The purpose of this study was to determine the selenium (Se) requirement in kittens. Thirty-six specific-pathogen-free kittens (9.8 weeks old) were utilized in a randomized complete block design to determine the Se requirement in cats with gender and weight used as blocking criteria. Kittens were fed a low Se (0.02 mg/kg Se) torula yeast-based diet for 5 weeks (pre-test) after which an amino acid-based diet (0.027 mg Se/kg diet) was fed for 8 weeks (experimental period). Six levels of Se (0, 0.05, 0.075, 0.10, 0.20 and 0.30 mg Se/kg diet) as Na2SeO3 were added to the diet and were used to construct a response curve. Response variables included Se concentrations and Se-dependent glutathione peroxidase activities (GSHpx) in plasma and red blood cells (RBC) as well as plasma total T3 (TT 3) and total T4 (TT4). No significant changes in food intake, weight gain or clinical signs of Se deficiency were noted.
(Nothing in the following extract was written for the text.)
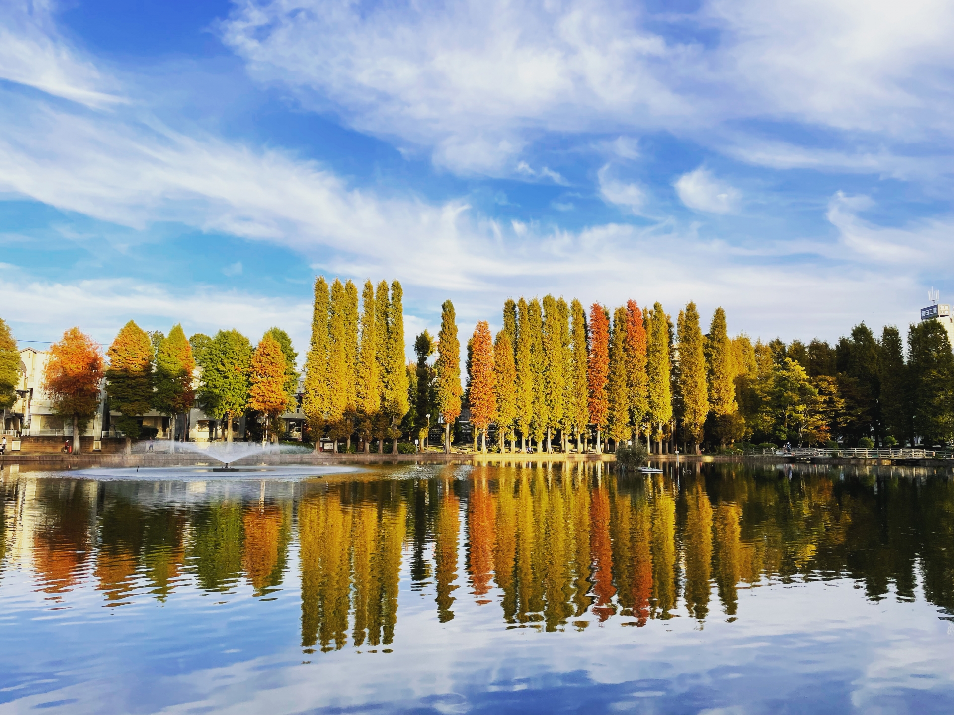 江戸時代から親しまれてきた別所沼を中心に、四季折々の景観が楽しめます。水面に映り込む空や木々が織りなす水鏡のような美しさは、ウェディングフォトならではの幻想的な一枚を生み出します。

Estimates of the kitten's Se requirement (i.e. breakpoints) were determined for RBC and plasma GSHpx (0.12 and 0.15 mg Se/kg diet, respectively), but no definitive breakpoint was determined for plasma Se. Plasma TT3 increased linearly, whereas plasma TT4 and the ratio of TT 4: TT3 decreased in a quadratic fashion to dietary Se concentration. The requirement estimate determined in this study (0.15 mg Se/kg) for kittens is in close agreement with other species. As pet foods for cats contain a high proportion of animal protein with a Se bioavailability of 30%, it is recommended that commercial diets for cats contain 0.5 mg Se/kg DM.

Original languageEnglish (US)
Pages (from-to)315-323
Number of pages9
JournalJournal of Animal Physiology and Animal Nutrition
Issue number9-10
StatePublished - Oct 1 2003

ASJC Scopus subject areas

  • Animal Science and Zoology
  • veterinary(all)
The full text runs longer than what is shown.